Weldon School of Biomedical Engineering, Purdue University, West Lafayette, Indiana, USA; email:
physIQ Inc., Chicago, Illinois, USA.
Annu Rev Biomed Eng. 2022 Jun 6;24:1-27. doi: 10.1146/annurev-bioeng-103020-040136. Epub 2021 Dec 21.
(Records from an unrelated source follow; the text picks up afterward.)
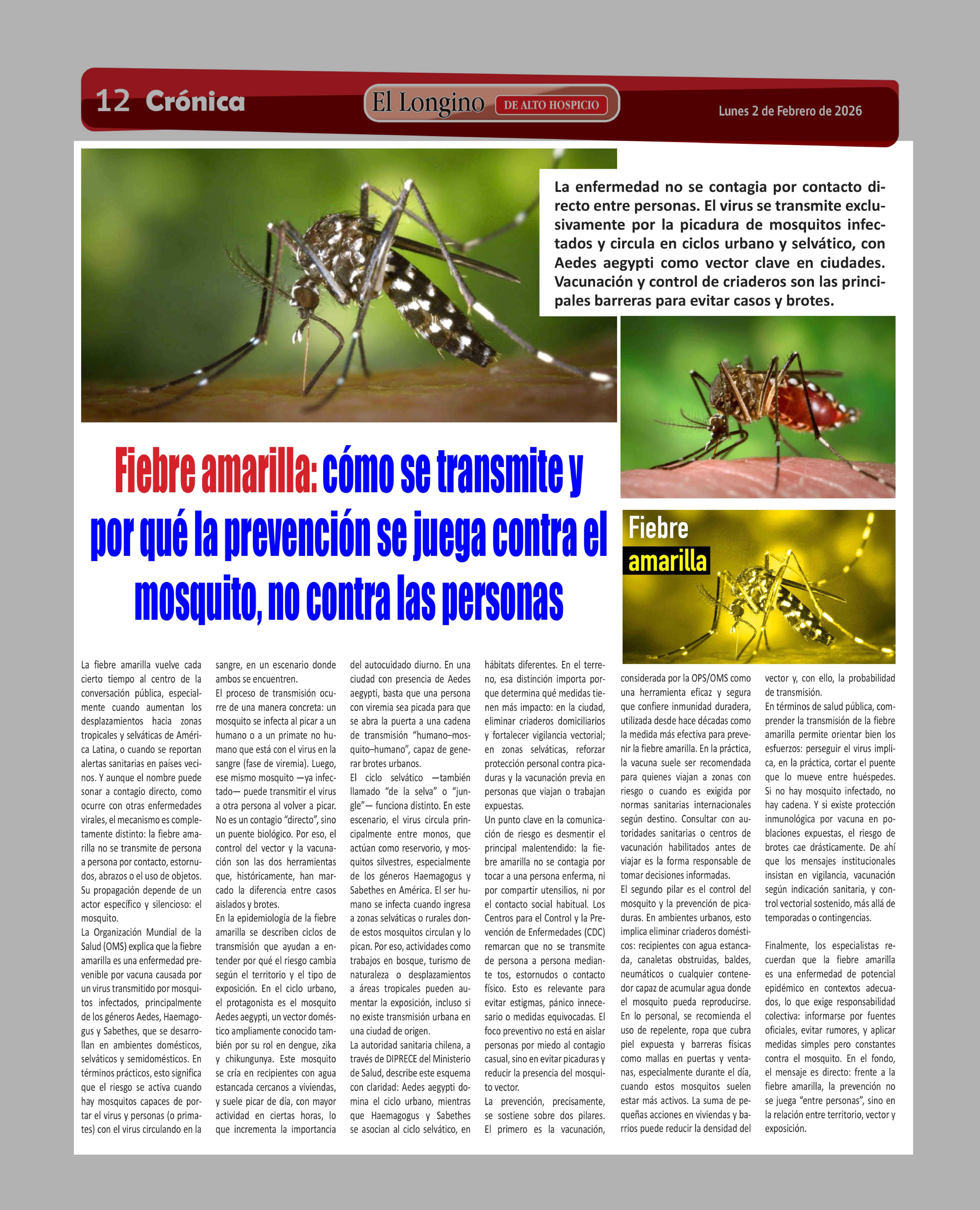 Fiebre amarilla: cómo se transmite y por qué la prevención se juega contra el mosquito, no contra las personas 02-02-2026 El Longino |
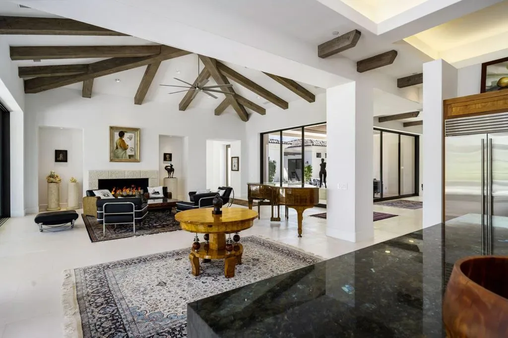 Situated on a sweeping wide lot perched above the 8th hole of Tradition Golf Club, this exceptional residence captures panoramic mountain and lake views from nearly every angle. Designed to impress, the home offers 4 bedrooms plus bonus / theatre room, with expansive indoor-outdoor living spaces ideal for both relaxation and entertaining. A private courtyard welcomes you with tranquil fountains, sculptural elements, and beautifully curated Zen rock and succulent gardens. Enter through a dramatic pivot door and immediately experience the breathtaking rear vistas framed by walls of glass. The great room showcases wood-beamed ceilings, a striking stone fireplace, and pocketing sliding doors that seamlessly open to both the front courtyard and rear patio, creating a true indoor-outdoor lifestyle. The chef’s kitchen is thoughtfully designed with a large island, light wood cabinetry, stainless steel appliances, a butler’s pantry, walk-in pantry, and a charming breakfast room. An expansive Game Room / Library features custom built-ins, a wet bar with wine refrigeration, and a comfortable sitting area–perfect for gathering with family and friends. The luxurious primary suite is a private retreat, complete with a floor-to-ceiling stone fireplace, dual walk-in closets, spa-inspired bath with soaking tub, gigantic two-person walk-in shower, dual vanities, dual water closets, and an outdoor shower. A spacious art studio with en-suite bath offers flexibility and can easily be converted into two additional bedrooms. Guests will appreciate the detached two-bedroom casita with its own living room, providing comfort and privacy. Additional features include a 4 car garage, and solar panels for energy efficiency. Offered partially furnished per inventory.
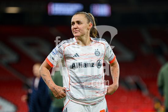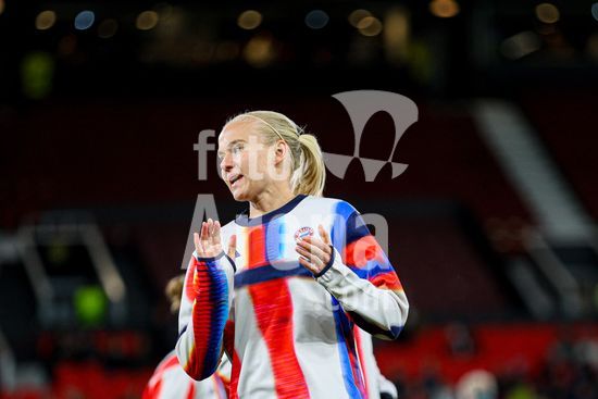 2912045 MANCHESTER, INGLATERRA - 25 de marco: Glodis Viggosdottir, do Bayern de Munique, apos o apito final da partida da Liga dos Campeoes Feminina da UEFA entre Manchester United e Bayern de Munique, no Old Trafford, em Manchester, Inglaterra. (Natalie Mincher/SPP)
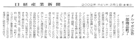 メールマガジン広告大手まぐクリックは不採算の一部商品の販売を三十一日で終了した。メールマガジンの冒頭部に挿入する広告商品などで読者の広告クリック率が〇.二%以下に低迷し受注が急減していた。 中止するのはメールマガジン広告四種類のうち、あらかじめ決めた配信数に達するまで広告を繰り返し表示する二種類。不特定多数に表示するため広告効果が低いとして企業の利用が減っていた。ネット広告市揚は全体に伸び悩んでいるが、メールマガジン広告の落ち込みは著しいという。 三十一日には子会社が賑売していた携帯電話向けダイレクトメール型広告も、会員数が伸ぴ悩み会員獲得コストの負担が重いため打ち切った。今回販売を中止する三商品の昨年一 - 九月期の売土高は、全売上高の約一四%。今後、有料メールマガジン事業や販促向げの属性指定メール広告などを強化し経営を立て直す。 |
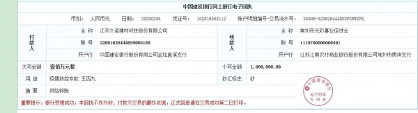 萬眾一心,眾志成城。2020年2月5日,久諾人向常州市光彩事業(yè)促進會捐助100萬元現(xiàn)金,用于武漢等地區(qū)疫情防控工作。目前該筆款項已經(jīng)到賬!
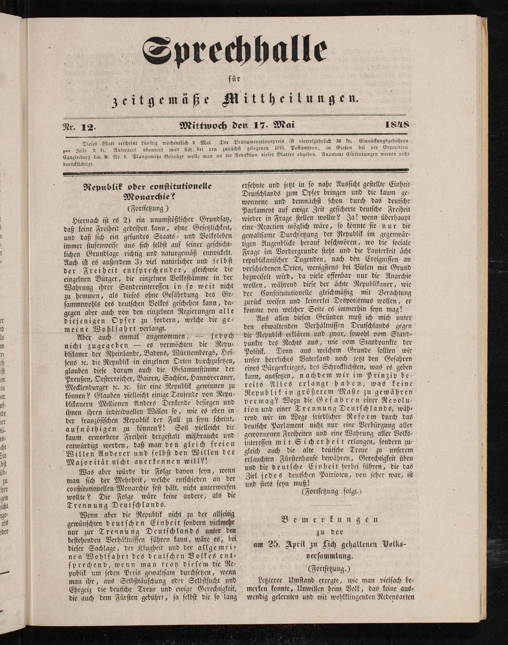 Sprechhalle für zeitgemäße Mittheilungen. 1848-1848

Mounting clinical evidence suggests that viral infections can lead to detectable changes in an individual's normal physiologic and behavioral metrics, including heart and respiration rates, heart rate variability, temperature, activity, and sleep prior to symptom onset, potentially even in asymptomatic individuals. While the ability of wearable devices to detect viral infections in a real-world setting has yet to be proven, multiple recent studies have established that individual, continuous data from a range of biometric monitoring technologies can be easily acquired and that through the use of machine learning techniques, physiological signals and warning signs can be identified. In this review, we highlight the existing knowledge base supporting the potential for widespread implementation of biometric data to address existing gaps in the diagnosis and treatment of viral illnesses, with a particular focus on the many important lessons learned from the coronavirus disease 2019 pandemic.
越来越多的临床证据表明,病毒感染可导致个体正常生理和行为指标发生可检测的变化,包括心率和呼吸频率、心率变异性、体温、活动量和睡眠,甚至在无症状个体中也是如此。虽然可穿戴设备在真实环境中检测病毒感染的能力尚未得到证实,但多项近期研究已经证实,可以轻松获取来自一系列生物特征监测技术的个体连续数据,并且通过使用机器学习技术,可以识别生理信号和预警信号。在这篇综述中,我们重点介绍了现有的知识库,这些知识库支持广泛应用生物特征数据来解决病毒疾病诊断和治疗方面的现有差距,特别关注了从 2019 冠状病毒病大流行中吸取的许多重要经验教训。